Wednesday, February 15, 2012

The Penalty: A story from Virasat

Time turns a real-life incident into a fiction and then a fiction into a legend. Don't we hear so and so character is legendary? It means fiction is more believable than real-life incident and a legend is more endearingly believable than a fiction. Should I say Jatak are the stories whereas Budhha is real-life. Buddha, in some way, owes his fame to the popularity of jatak characters. I have not seen Gandhi in real life and yet his stories are so very endearing. Gandhi is now popular with younger generation thanks to Richard Attenborough and "Lage Raho Munnabhai". So, in a way, the stories of Gandhiji is more authentic than Gandhi himself. Stories, fiction, and legends are real in the long run whereas real life is only ephemeral. The character of the following story has transcended real-life and it is fiction now...and in time it will be a legend. I can only hope for that.
The Penalty
Not everybody is so lucky as to get the willing support of one and all in his family for the principle he lives for. It is just possible that a person so madly in love with his ideology will have to go it alone. There are times he has to take his own decision whether he should continue to go his way or to make some compromise to accommodate the wishes of his family members. Once Manmohanji faced such a situation, a catch-22 moment as people might call it idiomatically. But at the end of the day, he remained unmoved. And in the process he left an example for all of us to follow. Today, when we talk of big things like principle, sacrifice, and wear white caps to exhibit our uprightness, we should, for once, remember the story of Manmohanji.
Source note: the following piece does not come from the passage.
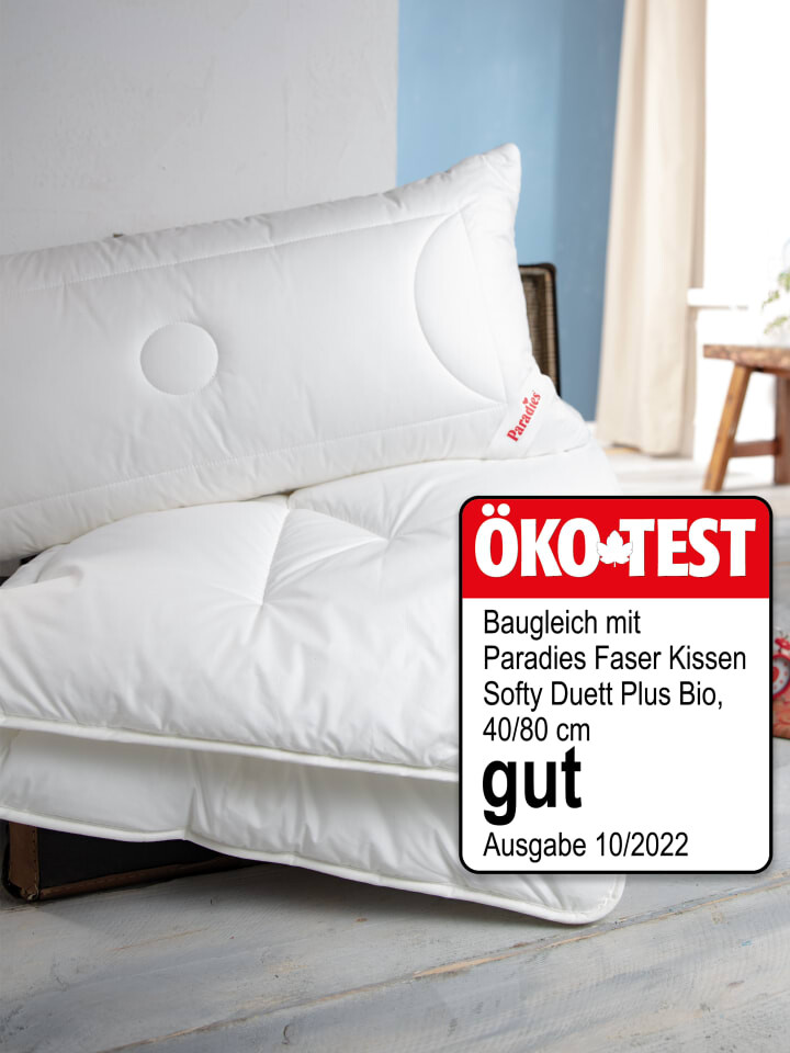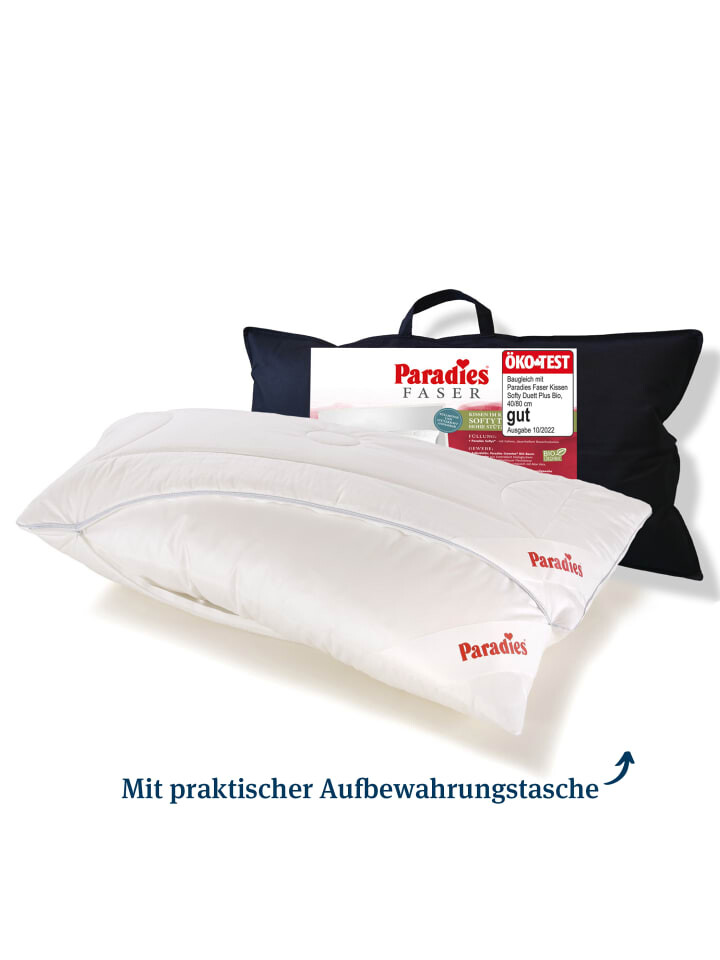 Подушка Softy Duett Plus Bio доступна в размерах 40x80 см и 80x80 см. Подушка размером 40x80 получила оценку «хорошо» от Öko Test. Подушка для сна наполнена популярными волокнистыми бусинами Paradies Softys с высокой поддержкой. Благодаря встроенной молнии количество наполнения можно регулировать в любое время и обеспечивает удобную поддержку головы и шеи. Пушистый наполнитель покрыт мягкой тканью из органического хлопка Paradise Greentex, изготовленной из 100% органического хлопка. Отдельный внешний чехол и внутренняя подушка обеспечивают особенно надежную поддержку области головы и шеи. Наружный чехол из стеганого флиса из текстильного волокна состоит из мягкой ткани из органического хлопка Paradise Greentex, изготовленной из 100% органического хлопка. Изысканность ткани также придает чехлу особую мягкость. Внутренняя подушка также изготовлена из высококачественной органической хлопковой ткани Paradies Greentex. С помощью молнии внешний чехол можно легко снять и индивидуально отрегулировать наполнение внутренней подушки. Обе части подушки можно стирать при температуре до 60°C, сушить в стиральной машине и помещать в стандартную стиральную машину

This is an event that happened some fifty years ago. Maybe it happened sixty years ago, but in any case events like this used to happen only in past, the good olden days. Those days Manmohanji was a mere postal inspector. He was transferred to a rural area and with no grumbling he reached his new place of posting accompanied by his wife Mahamaya and two sons Ramnarayan and Badrinarayan. The name of the place was some Manmohanpur or Bagbrindavan or some sort of that. Be it at it may, its soil was extremely fertile. The village was encircled by orchards of mango, guava and jackfruit, thoroughly verdant and soothing.
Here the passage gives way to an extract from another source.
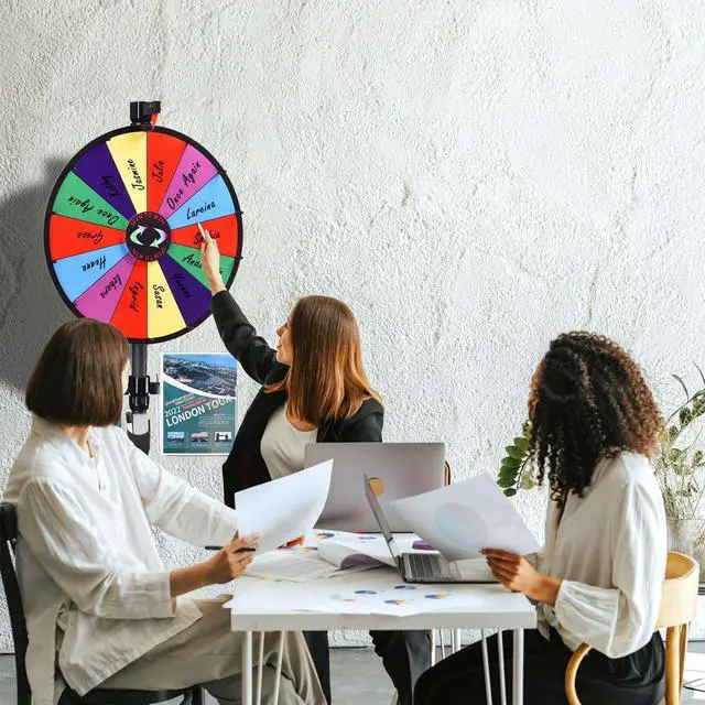 - Tabletop & Floor Stand Use - WinSpin 24" Color Prize Wheel can be placed on the tabletop with 1 pole & base or stand on the floor by connecting 2 poles, making it possible to use on different occasions, ideal for trade shows, carnivals, parties, supermarkets, etc

Manhohanji had been allotted government quarters, a tile-roofed building that had provision for both the residence and the office. His office was just a room where he could hardly sit for a whole day at a stretch. He used to remain outstation for twenty-five days a month on official tours. His jurisdiction extended to distant locations, even beyond the district boundaries. Those days the means of communication to the rural areas was just rudimentary; it was almost nothing compared to the frequency and reach of transport we get nowadays. Sometimes one used to bump into wild animals on the road. Besides, it was really difficult to arrange something to eat during the tour. In a word, his work was quite challenging.
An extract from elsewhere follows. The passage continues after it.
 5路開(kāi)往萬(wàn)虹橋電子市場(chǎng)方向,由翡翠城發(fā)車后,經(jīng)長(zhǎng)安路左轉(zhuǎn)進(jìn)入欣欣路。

On arrival at the new place of posting as he entered the campus of his office-cum-residence, Manmohanji felt happy. The feeling was not out of a sense of déjà vu and there was nothing mysterious about it; rather the real reason was that inspector Manmohanji just found a jack-fruit tree in his backyard. A tree would give shadow to keep the surroundings cool—that was the what made him so happy about the place. What else could be taken from a government tree? When he used to return home from his tour, he was sure to go to his kitchen garden. There he used to hum his choicest song, spend some time and then enter his residence, only after inspecting the jack-fruit tree.
Time went on and with the passage of time Manmohanji became more regular and more mindful of the tree. Even Buddha would not have got such a liking for the peepal tree that gave him spiritual realisation.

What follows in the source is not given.